[DATASET EXCERPTS — start]
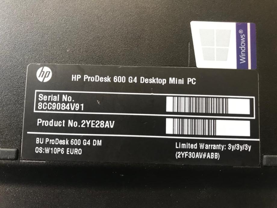 Prodajem dva Mini PC u izvrsnom stanju jedan : HP ProDesk 600 G4, a drugi HP ProDesk 600 G3 8GB RAM, disk 256GB, Original win 10 pro spremni za rad.
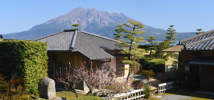 利用借景的手法在園內也可欣賞到矗立於錦江灣上雄偉美麗的櫻島景色,當時遠嫁德川將軍家的篤姬也實際在這美麗的庭園生活過。以櫻島為假山,錦江灣為池巧思設計,庭園景色壯麗讓人留連忘返,為鹿兒島最具代表的日式借景庭園。
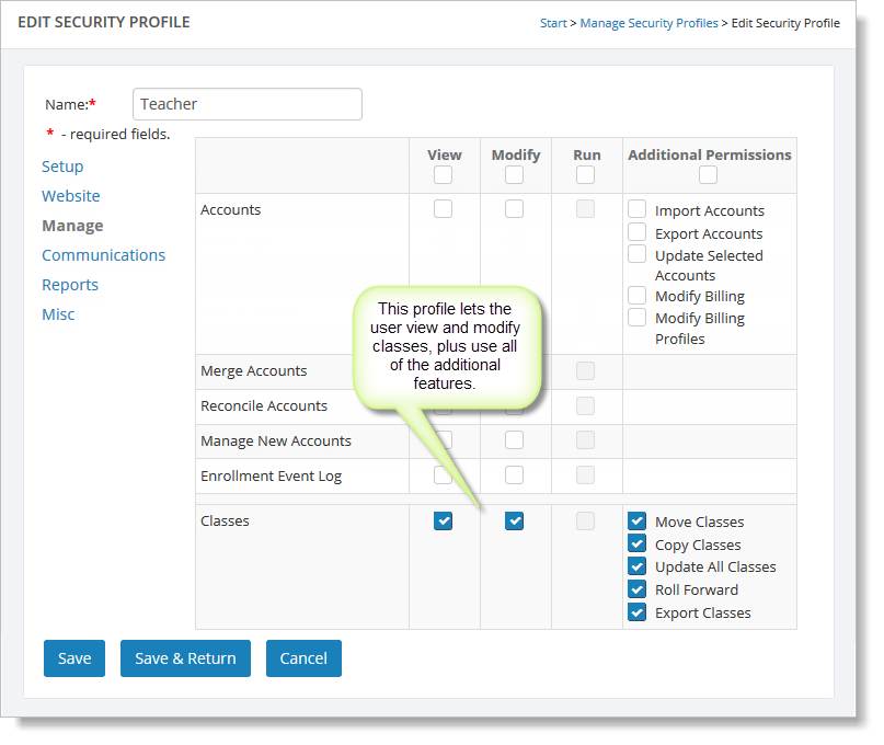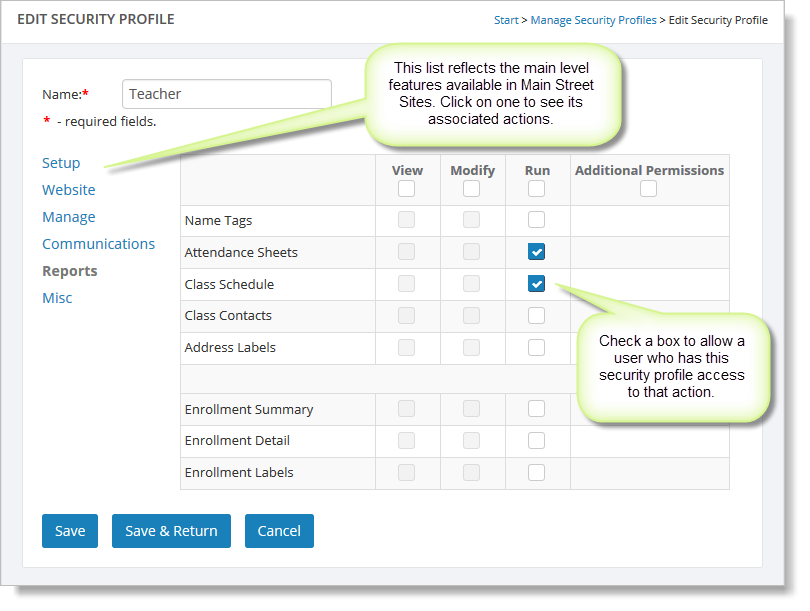 You'll notice at the bottom of the Users grid is a "Manage Security Profiles" link. You'll need to create at least one security profile to grant people access to your Main Street Sites account. The security profile is a list of Main Street Sites features and checkboxes indicating the ability to view, edit or run that feature. For example, to give teachers the ability to update classes, you'd need to give them the "edit" permission for Manage > Classes > Classes feature.
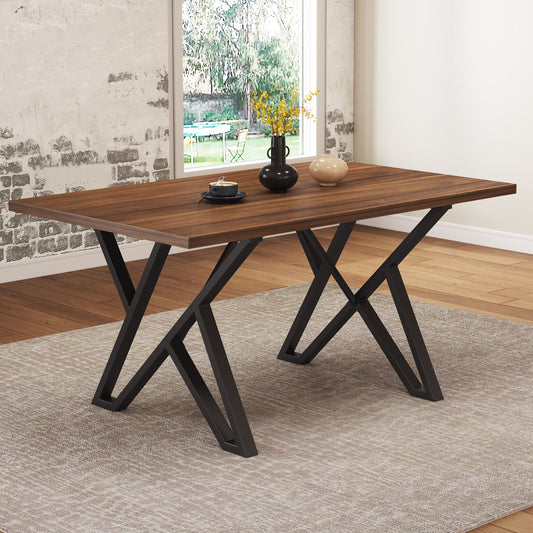 Industrial Style Indoor Dining Table with Metal Legs, Walnut Finish, MDF and Metal, 59.04' x 35.5' N768P228017B
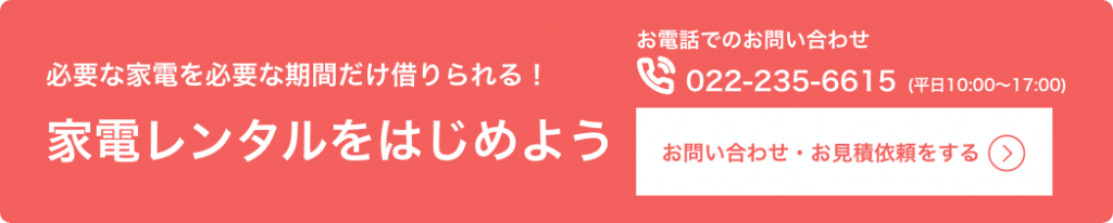 必要な家電を必要な期間だけお得にレンタル。一人暮らしの学生や社会人、単身赴任や転勤の多い方におすすめです。
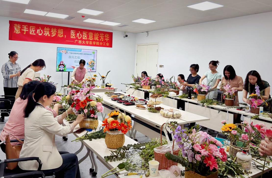 为庆祝第115个“三八”国际劳动妇女节,弘扬国际妇女节精神,3月25日下午,公司分工会精心策划并举办了“匠心慧手筑梦想 医心医意绽芳华”主题插花活动,展现公司女教职工“跟党奋进新征程 巾帼建功新时代”的卓越风采。
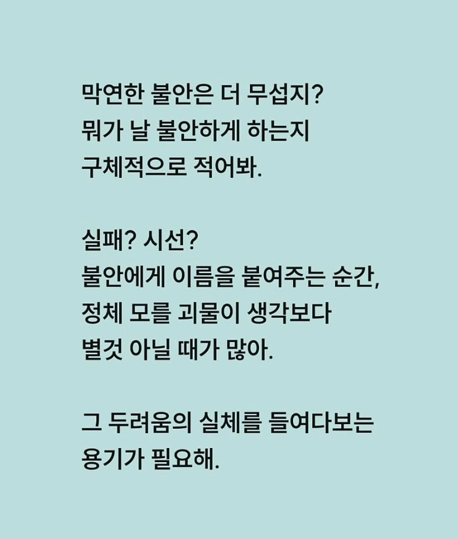 문제는 두려움이 진실인 것처럼 속삭일 때, 그 말을 그대로 믿어버리는 것이다.
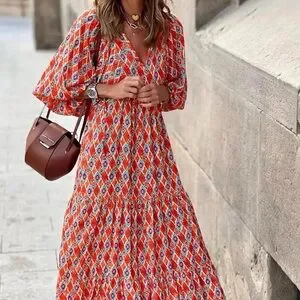 Embrace a bohemian vibe with this stunning maxi dress. Perfect for any occasion, this dress features a vibrant pattern that stands out. Ideal for those who love a touch of color in their wardrobe.
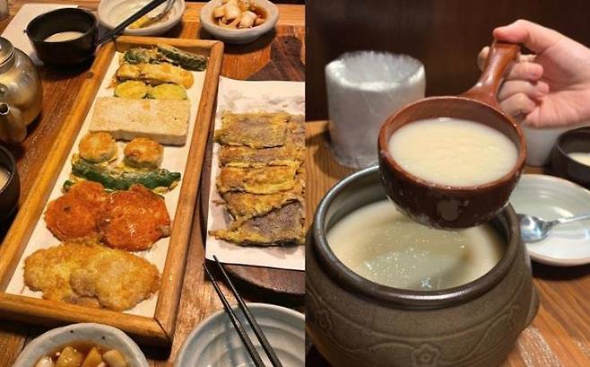 가정집을 개조해서 만들어 특유의 고즈넉한 분위기를 풍기는 압구정 전집. 3층짜리 매장이라 넓고 쾌적하며 테라스 석도 마련되어 있어 요즘 같은 날씨에 제격이다. 정갈하게 세팅되어 있는 젓가락과 잔들은 사소하지만 기분 좋게 만드는 포인트. 묵전의 대표 메뉴는 8가지 노릇한 전으로 구성되어 있는 시골장터 모둠전이다. 신선한 원재료 덕분에 음식에서 잡내가 안 난다는 점은 손님들의 재방문율을 높이고 있다. 도토리묵이나 해물칼국수와 같이 먹으면 기름기를 싹 씻겨주니 꼭 전과 같이 먹는 것을 추천.
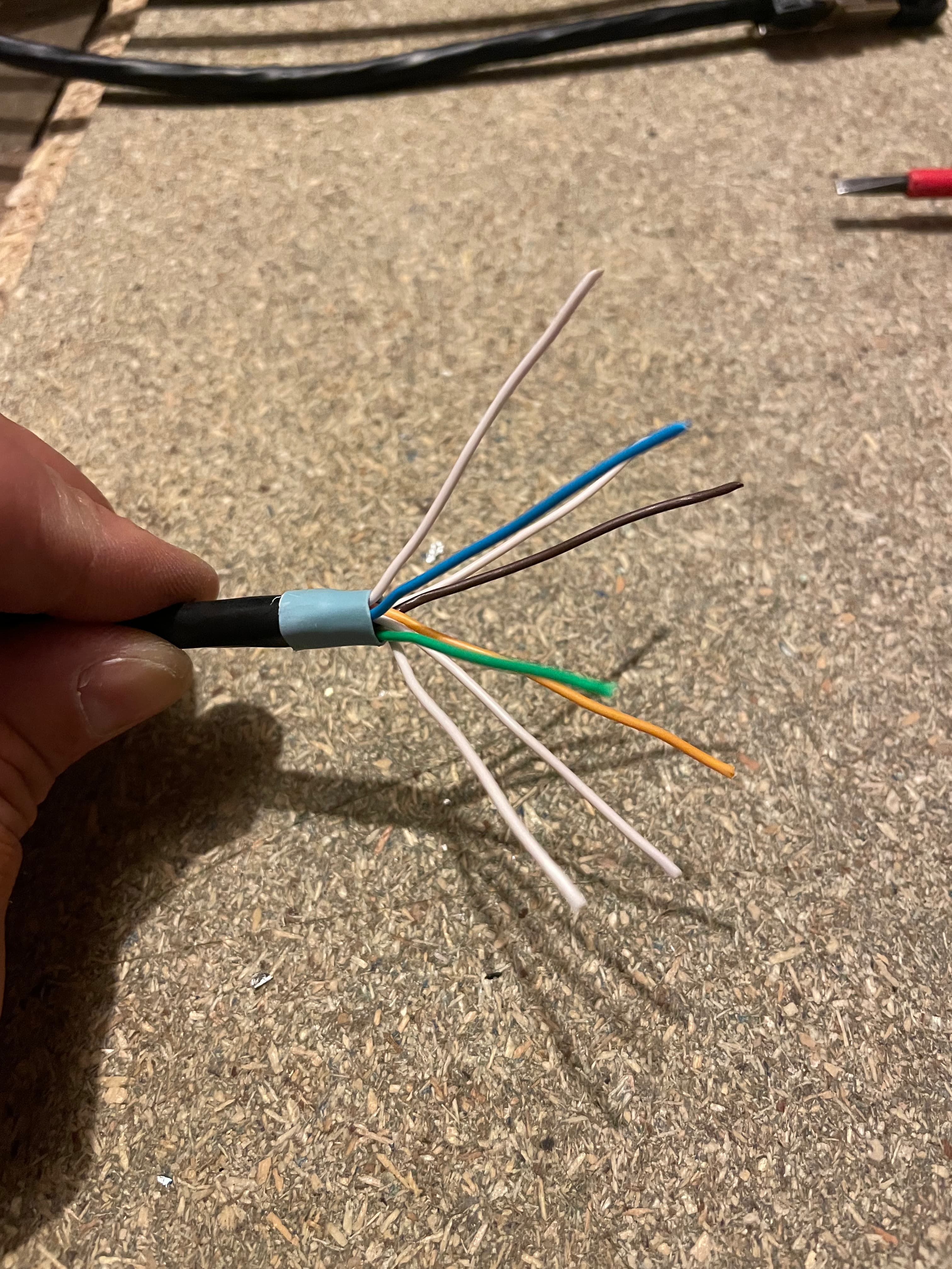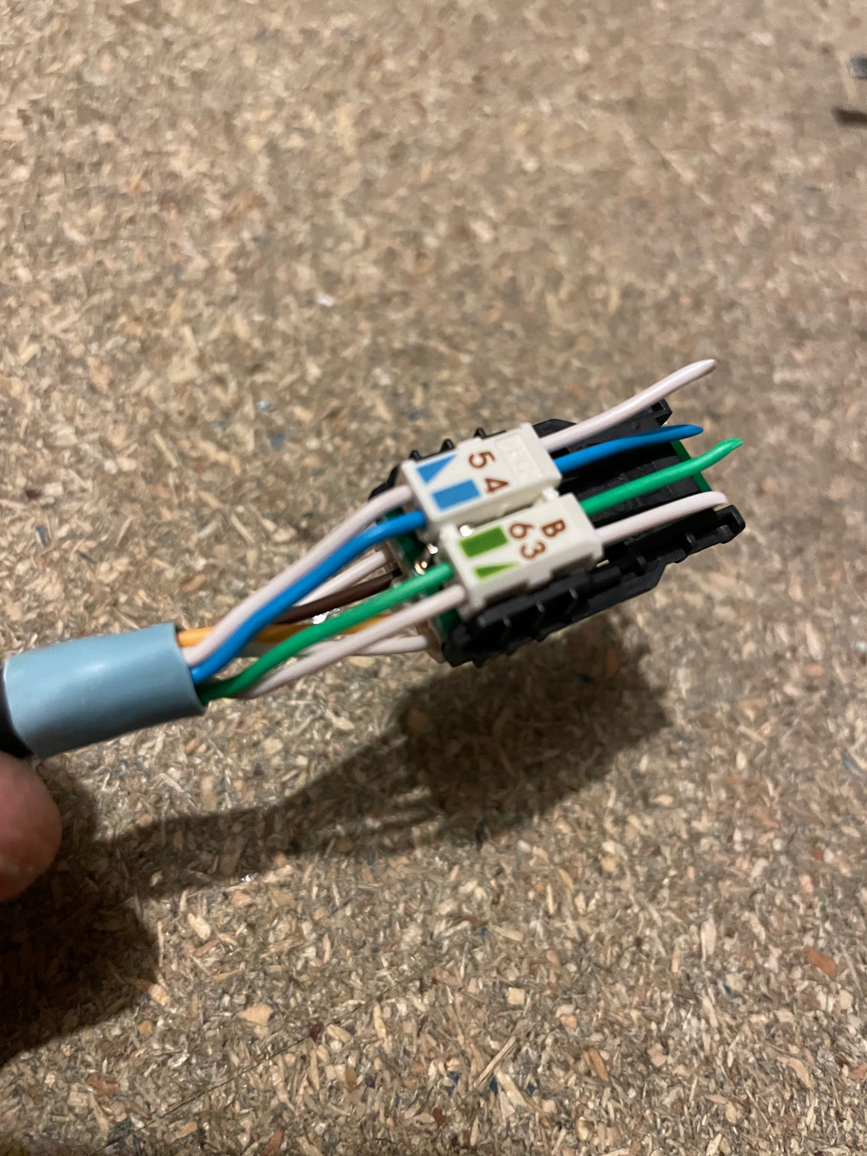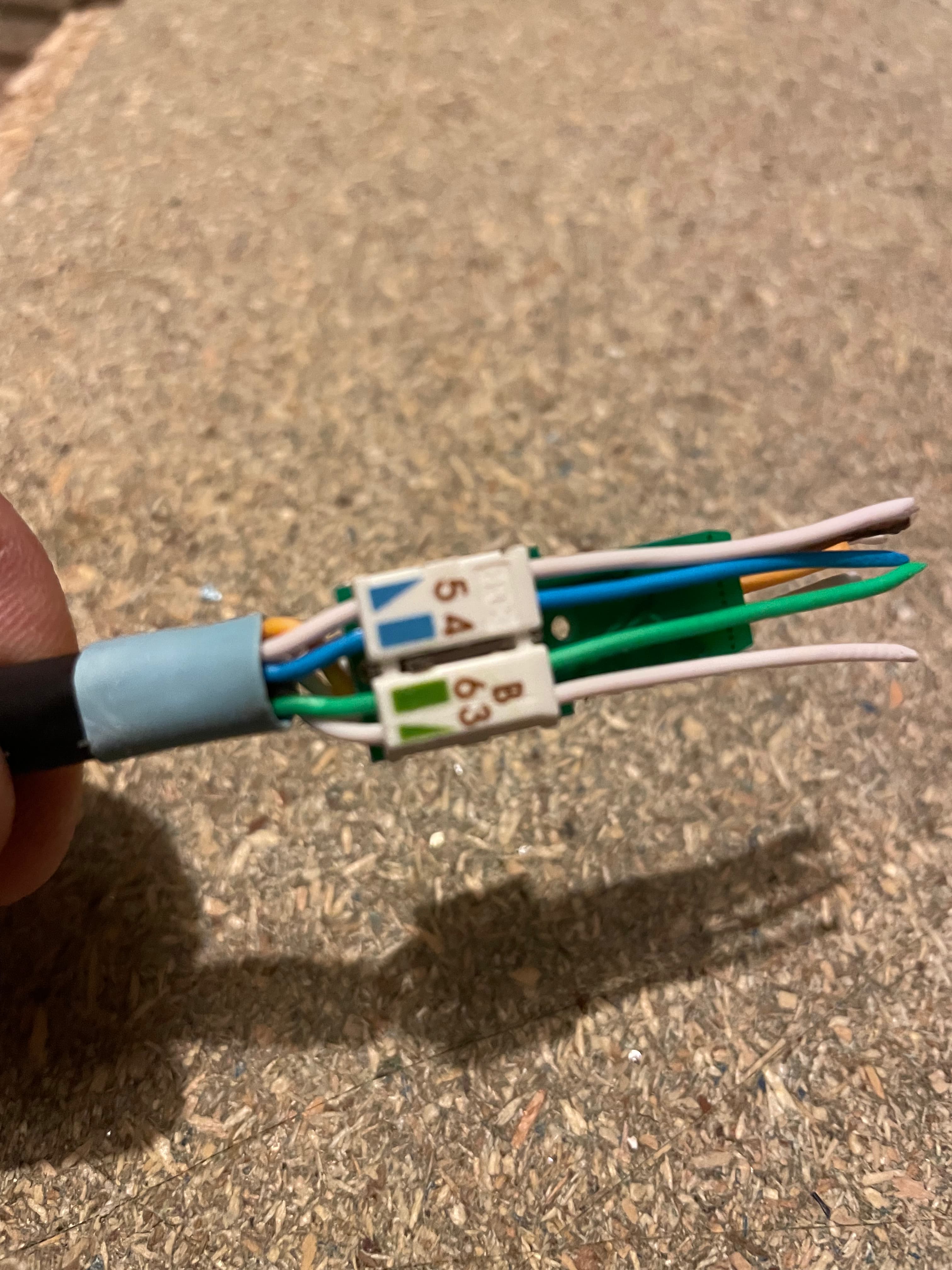 Pull the cables through taking care not to kink them. The most common error here is getting the colours wrong or simply missing the hole.
[DATASET EXCERPTS — finish]
◆ AIM OF THE TASK
Pictures are to be left out; the records above must be repeated word for word.

◆ TASK SOLUTION
 Prodajem dva Mini PC u izvrsnom stanju jedan : HP ProDesk 600 G4, a drugi HP ProDesk 600 G3 8GB RAM, disk 256GB, Original win 10 pro spremni za rad.
 利用借景的手法在園內也可欣賞到矗立於錦江灣上雄偉美麗的櫻島景色,當時遠嫁德川將軍家的篤姬也實際在這美麗的庭園生活過。以櫻島為假山,錦江灣為池巧思設計,庭園景色壯麗讓人留連忘返,為鹿兒島最具代表的日式借景庭園。
 You'll notice at the bottom of the Users grid is a "Manage Security Profiles" link. You'll need to create at least one security profile to grant people access to your Main Street Sites account. The security profile is a list of Main Street Sites features and checkboxes indicating the ability to view, edit or run that feature. For example, to give teachers the ability to update classes, you'd need to give them the "edit" permission for Manage > Classes > Classes feature.
 Industrial Style Indoor Dining Table with Metal Legs, Walnut Finish, MDF and Metal, 59.04' x 35.5' N768P228017B
 必要な家電を必要な期間だけお得にレンタル。一人暮らしの学生や社会人、単身赴任や転勤の多い方におすすめです。
 为庆祝第115个“三八”国际劳动妇女节,弘扬国际妇女节精神,3月25日下午,公司分工会精心策划并举办了“匠心慧手筑梦想 医心医意绽芳华”主题插花活动,展现公司女教职工“跟党奋进新征程 巾帼建功新时代”的卓越风采。
 문제는 두려움이 진실인 것처럼 속삭일 때, 그 말을 그대로 믿어버리는 것이다.
 Embrace a bohemian vibe with this stunning maxi dress. Perfect for any occasion, this dress features a vibrant pattern that stands out. Ideal for those who love a touch of color in their wardrobe.
 가정집을 개조해서 만들어 특유의 고즈넉한 분위기를 풍기는 압구정 전집. 3층짜리 매장이라 넓고 쾌적하며 테라스 석도 마련되어 있어 요즘 같은 날씨에 제격이다. 정갈하게 세팅되어 있는 젓가락과 잔들은 사소하지만 기분 좋게 만드는 포인트. 묵전의 대표 메뉴는 8가지 노릇한 전으로 구성되어 있는 시골장터 모둠전이다. 신선한 원재료 덕분에 음식에서 잡내가 안 난다는 점은 손님들의 재방문율을 높이고 있다. 도토리묵이나 해물칼국수와 같이 먹으면 기름기를 싹 씻겨주니 꼭 전과 같이 먹는 것을 추천.
 Pull the cables through taking care not to kink them. The most common error here is getting the colours wrong or simply missing the hole.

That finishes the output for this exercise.